Shifting consumer tastes in wine can result in the economic obsolescence of winery property and assets, leading to a decline in property value (real and personal) that remains for many years. Fortunately, Section 51 of the California Revenue and Taxation Code allows the Assessor to temporarily reduce the assessed value (and property tax) when the current market value of the property falls below its assessed value.
We were able to reduce the property tax bill of a Monterey winery by 25%, saving it thousands of dollars per year in property tax. This winery was adversely affected by the change in consumer tastes away from bulk wines to specialty wines, leaving it with excess tank capacity (too large for specialty use), excess or unusable bottling lines and underutilization of barrel and production warehousing. By preparing a well-supported appeal based on economic obsolescence, we were able to substantially reduce the assessed value of the winery’s property for a number of years.
RT&C Sec. 51 allows for a temporary reduction in the assessed value of real and personal property caused by external, non-controllable economic factors. Losses in value attributable to economic obsolescence are usually beyond the power of any single property owner to influence and cannot be cured by making changes to the real and personal property affected. If the taxpayer can provide sufficient evidence to prove that the assessed value is greater than the current market value as of the January 1 lien date, we can request the Assessor to grant allowances for economic obsolescence when preparing and filing annual property tax returns.

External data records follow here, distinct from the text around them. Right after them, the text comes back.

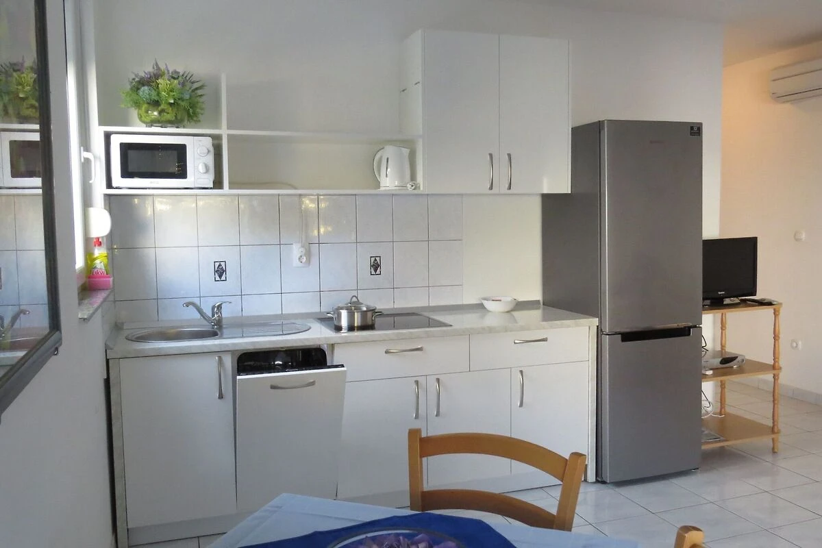 Anfahrt & Highlights: Sie erreichen Mandre über die Straßenbrücke 106 oder mit der Fähre von Prizna. Die Region Modra liegt in der Nähe, und das Dorf bietet einen ruhigen Ausgangspunkt mit einfachem Zugang zu Küstenabenteuern. Ob Sie Novalja erkunden oder am Meer entspannen – dieses Apartment verbindet Lage und Freizeit auf wunderbare Weise.
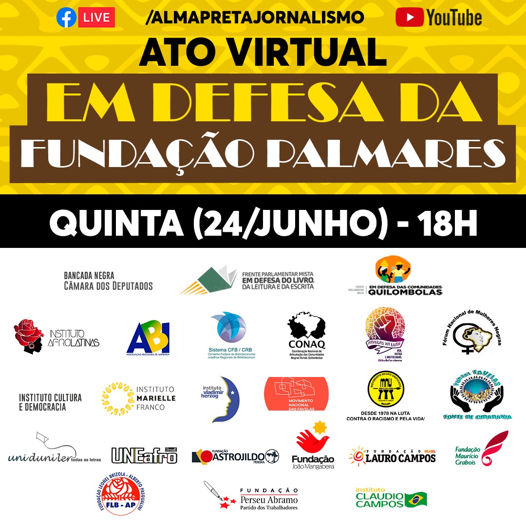 Ato virtual contra destruição da Fundação Palmares nesta quinta-feira
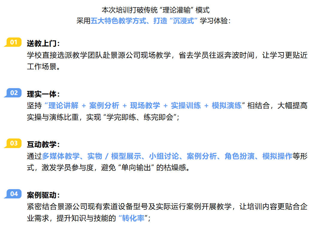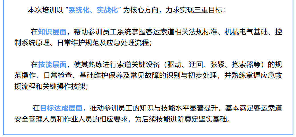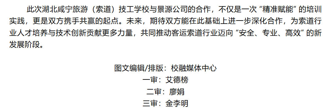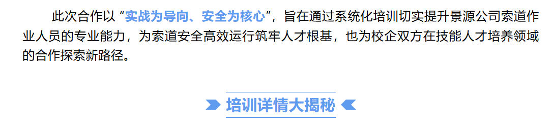 此次合作以 “实战为导向、安全为核心”,旨在通过系统化培训切实提升景源公司索道作业人员的专业能力,为索道安全高效运行筑牢人才根基,也为校企双方在技能人才培养领域的合作探索新路径。
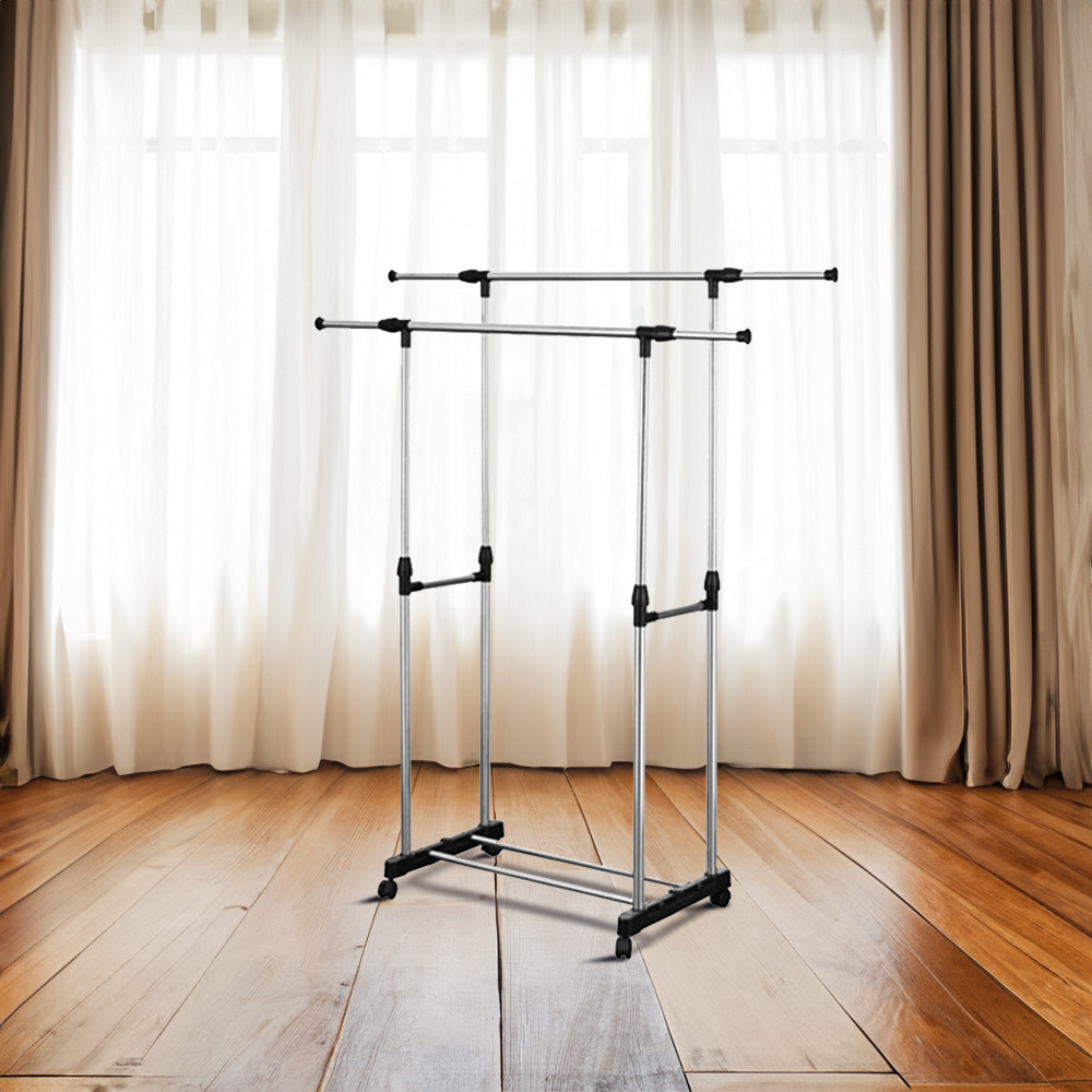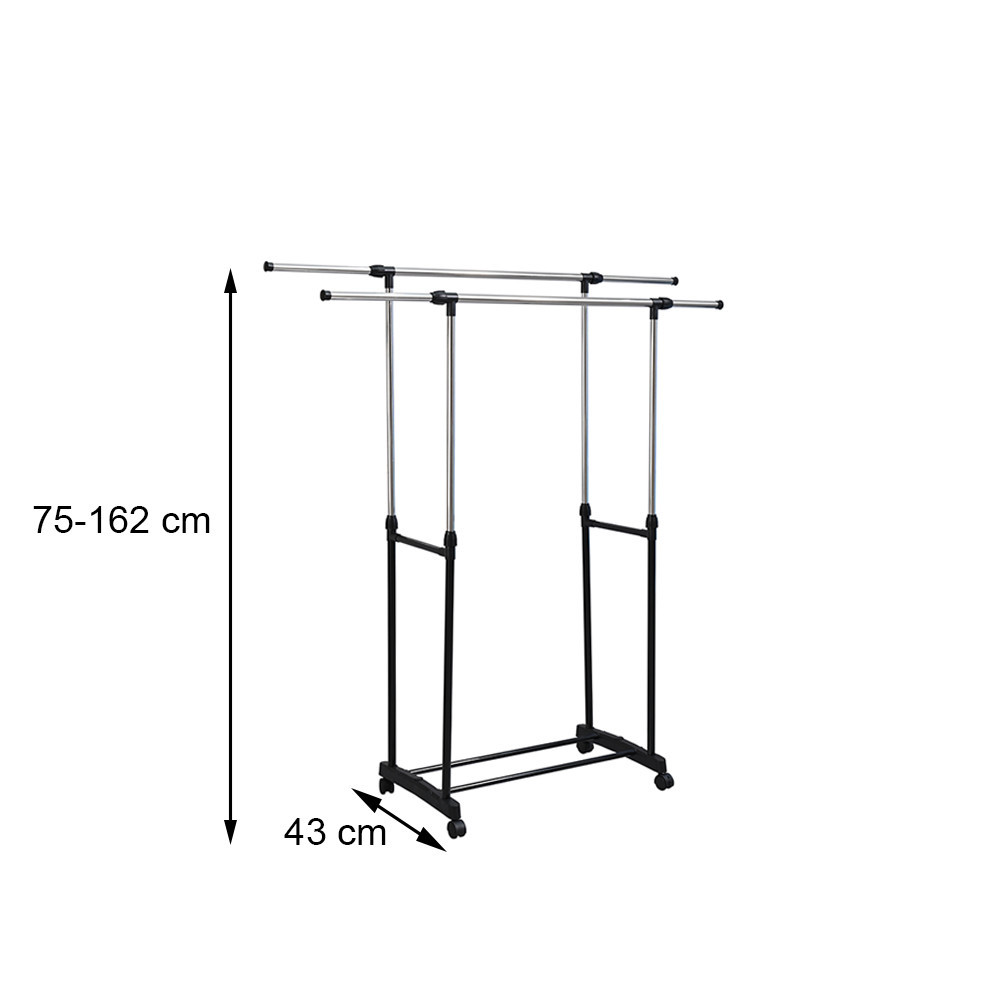 Suport haine Leziter LRA-07 negru, dublu, reglabil pe inaltime, cu roti

It requires a well-crafted strategy to gain this relief. In order to win approval of a reduction in assessed values and taxes for any given year, we will need to provide the Assessor with a comparative analysis by year and by business unit, as well as well-documented support for the underlying economic or business conditions that led to the decline, for use in our negotiations with the Assessor. A successful negotiation will result in a temporary reduction in value, which is reviewed annually by the Assessor to determine if a reduction is still warranted; however, in most situations the adverse conditions tend to last for multiple years.
In my experience, the adjustment process often requires substantial effort to provide the needed support and can take quite some time to complete the negotiation (reducing taxes is not a priority for Assessors!) but the effort is justified by significant tax savings from the reduction in assessed value, and that relief can be extended for many years. Economic obsolescence relief is potentially available to any type of business. We have reduced property taxes for a number of manufacturing and extraction businesses by 25% to 50%, saving each tens of thousands of dollars per year in property taxes.